I was curious about different representations of rational numbers and came across the finite continued fraction (see wp:Finite_continued_fractions ).
Note: I will refer to traditional rational representation with two integers as fractional representation and to reduced fractions ($gcd(n,d)=1$, where $n$ is the numerator, and $d$ is the denominator) of this sort as reduced fractional representation.
Bellow I will make some comparisons between continued fractions and the other representations.
Advantages
- Linear time ordering, for example
x<y(vs. $O(M(|n|+|d|))$ for fractional representation representation).
Disadvantages
- Arithmetic using Gosper's algorithms for continued fraction arithmetic seems to grow at a much worse rate than the fractional representation.
Question
- In reading Big Integers and Complexity Issues in Exact Real Arithmetic (view), Heckmann describes Linear Fractional Transformations (LFTs). They look very similar to Gosper's algorithms for arithmetic on continued fractions. Are they the same? How are they different?

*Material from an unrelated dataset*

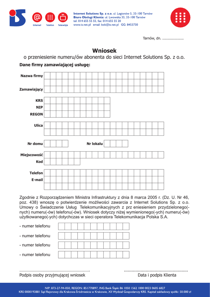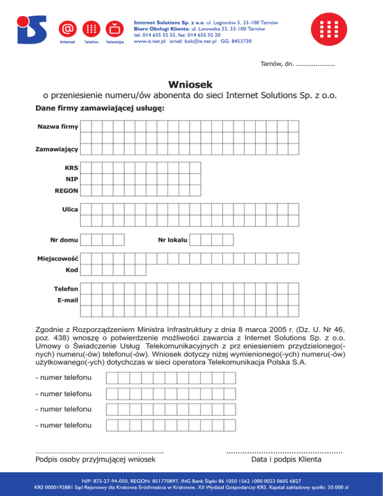 Tarnów, dn. .................... Wniosek o przeniesienie numeru/ów abonenta do sieci Internet Solutions Sp. z o.o. Dane firmy zamawiajàcej usùugæ: Nazwa firmy Zamawiajàcy KRS NIP REGON Ulica Nr domu Nr lokalu Miejscowoúã Kod Telefon E-mail Zgodnie z Rozporzàdzeniem Ministra Infrastruktury z dnia 8 marca 2005 r. (Dz. U. Nr 46, poz. 438) wnoszæ o potwierdzenie moýliwoúci zawarcia z Internet Solutions Sp. z o.o. Umowy o Úwiadczenie Usùug Telekomunikacyjnych z prz eniesieniem przydzielonego(nych) numeru(-ów) telefonu(-ów). Wniosek dotyczy niýej wymienionego(-ych) numeru(-ów) uýytkowanego(-ych) dotychczas w sieci operatora Telekomunikacja Polska S.A. - numer telefonu - numer telefonu - numer telefonu - numer telefonu ……………………………………………………. Podpis osoby przyjmujàcej wniosek .................................................. Data i podpis Klienta Oúwiadczenie: Wyraýam zgodæ na przetwarzanie moich danych osobowych dla celów realizacji procesu przeniesienia numerów (Dz. U. Nr 101/02 poz.926 z póên. zmianami). Wyraýam/nie wyraýam* dobrowolnà zgodæ na przetwaýanie moich danych osobowych, w tym ich udostæpnianie, w celach marketingu bezpoúredniego produktów/usùug Internet Solutions Sp. z o.o. zgodnie z art. 23 ustawy z dnia 29 sierpnia 1997r. o ochronie danych osobowych (Dz. U. Z dnia 29 paêdziernika 1997r.). Oúwiadczam, ýe zostaùem/am poinformowany/a o prawie dost æpu do swoich danych osobowych oraz prawie ich poprawiania. Osobie, której dane dotyczà, przysùuguje prawo wniesienia sprzeciwu wobec przetwarzania jej danych osobowych w celach marketingowych Internet Solutions Sp. z o.o. stosownie do art. 32 ust.1 pkt. 8 ustawy o ochronie danych osobowych. Jednoczeúnie oúwiadczam, ýe zawarte w niniejszym wniosku dane sà prawdziwe. ……………………………………………………. Podpis osoby przyjmujàcej oúwiadczenie *) niepotrzebne skreúliã .................................................. Data i podpis Klienta

Edit: some links to continued fraction arithmetic
- Pretty good (slideshow) but missing some examples at the end, also source codes in C
- http://perl.plover.com/yak/cftalk/INFO/gosper.txt By Bill Gosper.
- http://www.inwap.com/pdp10/hbaker/hakmem/cf.html
- Example of cf arithmetic with visualizations: http://paul-mccarthy.us/Cfrac/CF_Arithmetic.htm
From Möbius transformation:
So yes, they are the same (Gosper discusses homographic transformations IIRC).